2021 Rosalind Franklin Medal and Prize

Professor Frank Vollmer for distinguished contributions to biosensing with optical microcavities. The single-molecule technique enables ground-breaking advances in how we use light to study biomolecules and their biochemical reactions.


Professor Frank Vollmer IOP Rosalind Franklin Medal and Prize winner 2021

Optical microcavities are fundamental components of important optical devices including lasers. Professor Frank Vollmer has pioneered the application of optical microcavities in biosensing.

Label-free optical sensors based on whispering gallery mode (WGM) microcavities exhibit extraordinary sensitivity for detecting physical, chemical and biological properties of single molecules. Vollmer has applied optical microcavities – i.e. 100 micrometre (µm) glass microspheres – as sensors to study at the level of single molecules a wide range of biomolecular processes.

After initial studies in biosensing/biophysics as a PhD student at the Rockefeller University, New York, and subsequent work on the sensing physics of WGM modes at the Max Planck Institute for the Science of Light, Germany, his move to the University of Exeter’s Living Systems Institute has now taken Vollmer’s research full circle back to biosensing and biology.

In Exeter, Vollmer has initiated the Molecular Mechanics Initiative (MMI), a cutting-edge research programme undertaken by a growing interdisciplinary team of now more than 25 researchers from physics and biology that seeks to make step changes in how we detect, analyse and manipulate biomolecules at the ultimate single-molecule level.

The interdisciplinary MMI team is now advancing nanoprobing of femto-Newton forces to interrogate the complex motions of active enzymes and to prepare the ground for future manipulation and exploitation of synthetic biomolecular machinery.

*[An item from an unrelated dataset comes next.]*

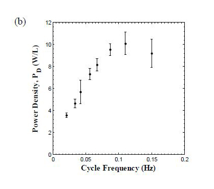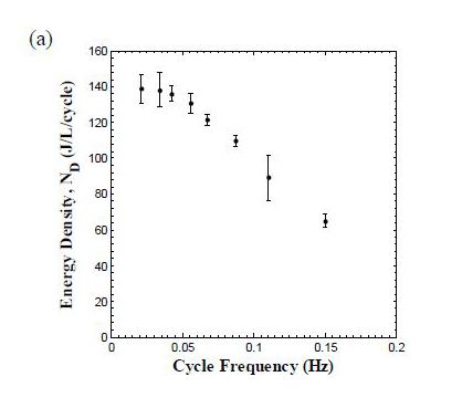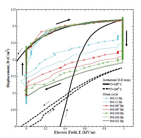 Experimental Results Isothermal bipolar displacement versus electric field hysteresis curves were collected at various temperatures by applying a triangular voltage with frequency of 0.1 Hz across the single crystal samples. Moreover, the saturation polarization Ps(T) and the dielectric constant εr(T) of each sample at temperature T were evaluated by linearly fitting the section of the bipolar D-E loops corresponding to relatively large electric field decreasing from 1 to 0.5 MV/m. The Olsen cycle was performed on the PZN-5.5PT samples for (i) different values of low and high electric fields EL and EH, (ii) various hot operating temperature Thot, and (iii) various cycle frequency f. The cold operating temperature Tcold was fixed at 100ºC. The hot operating temperature was varied from 125 to 190ºC. The electric fields EL and EH ranged from 0 to 0.2 MV/m and from 0.5 to 1.5 MV/m, respectively. Figure 2. Isothermal bipolar D-E loops and experimental Olsen cycles at EL=0.0 and 0.2 MV/m for PZN-5.5PT (Sample 5) with Tcold=100oC and EH=1.0 MV/m for Thot equal to (a) 125ºC, (b) 150ºC, (c) 175ºC, and (d) 190ºC. Effect of Frequency The overall cycle frequency was defined as f = 1/(.τ12 + τ23 + τ34 + τ41) where τ.ij corresponds to the duration of process i-j. It varied from 0.021 to 0.15 Hz by changing the duration of the isoelectric field heating and cooling processes 2-3 and 4-1 denoted by τ23 and τ41 (Figure 1). However, the time rate of change of the electric field during the isothermal processes 1-2 and 3-4 remained the same at 0.4 MV/m/s. First, it is interesting to note that the Olsen cycles measured at frequencies of 0.021 Hz and 0.034 Hz overlapped. Indeed, for these frequencies, the electric displacement had reached steadystate, i.e., ∂D/∂t = 0, before the electric field was varied. In this case, processes 1-2 and 3-4 followed a relatively smooth path, indicating that the four different processes in the Olsen cycle were performed under quasiequilibrium conditions. Figure 4. D-E diagram of isothermal bipolar D-E loops and experimental Olsen cycles at various frequencies for PZN-5.5PT (Sample 4). The temperatures Tcold and Thot were maintained at 100 and 190ºC, respectively and the low and high electric fields EL and EH were set at 0.0 and 1.0 MV/m, respectively The energy density reached a plateau of 140 J/L/cycle at frequencies below 0.034 Hz and decreased with increasing cycle frequency. Reducing the cycle frequency below 0.034 Hz, by increasing the duration of the isoelectric field processes 2-3 and 4-1, did not result in larger energy density because each process of the Olsen cycle was in quasiequilibrium. Conversely, the power density increased with increasing frequency and reached a maximum of 10.1 W/L at 0.1 Hz. For frequencies larger than 0.1 Hz, PD decreased with increasing frequency. This can be explained by considering the expression PD = ND(f)f. For frequencies less than 0.1 Hz, the decrease in ND(f) was compensated by the raise in frequency so that PD increased. However, beyond 0.1 Hz, ND decreased significantly with frequency resulting in smaller values of PD. In practice, the operating frequency could be adjusted according to the power needed for a given load. Figure 5. Experimentally measured (a) energy density and (b) power density generated with PZN-5.5PT single crystal (Sample 4) as a function of cycle frequency. The temperatures Tcold and Thot were maintained at 100 and 190ºC, respectively. The low and high electric fields EL and EH were set at 0.0 and 1.0 MV/m, respectively.

Vollmer’s research efforts are currently funded by a £2m Physics of Life grant, a £1.4m Engineering and Physical Sciences Research Council Established Career Fellowship and a £1.4m US National Science Foundation (NSF) Bio-UK Research and Innovation grant. He is also developing quantum optical measurement techniques to exploit the ultimate sensitivity of WGM sensors when probing single molecules with single photons.

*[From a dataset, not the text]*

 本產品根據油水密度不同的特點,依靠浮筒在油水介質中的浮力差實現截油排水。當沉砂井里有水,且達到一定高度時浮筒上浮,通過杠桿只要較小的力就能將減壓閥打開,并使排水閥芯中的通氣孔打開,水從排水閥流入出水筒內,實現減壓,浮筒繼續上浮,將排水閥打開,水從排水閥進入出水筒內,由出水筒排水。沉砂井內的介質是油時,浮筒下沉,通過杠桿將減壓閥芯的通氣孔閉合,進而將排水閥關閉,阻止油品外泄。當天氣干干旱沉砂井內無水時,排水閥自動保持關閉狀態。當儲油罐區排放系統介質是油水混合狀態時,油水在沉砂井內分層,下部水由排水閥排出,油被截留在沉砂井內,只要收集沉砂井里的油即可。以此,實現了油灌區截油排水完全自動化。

Notably, together with postdoctoral research fellow Dr Deshui Yu, Vollmer published a 400-page textbook about his work in 2020 entitled ‘Optical Whispering Gallery Modes for Biosensing: From Physical Principles to Applications’.

He organises the annual Single-Molecule Sensors and NanoSystems International Conference (S3IC), which took place the second time in November 2020 with more than 200 online attendees. Vollmer received the Wolfson Research Merit Award from the Royal Society in 2017.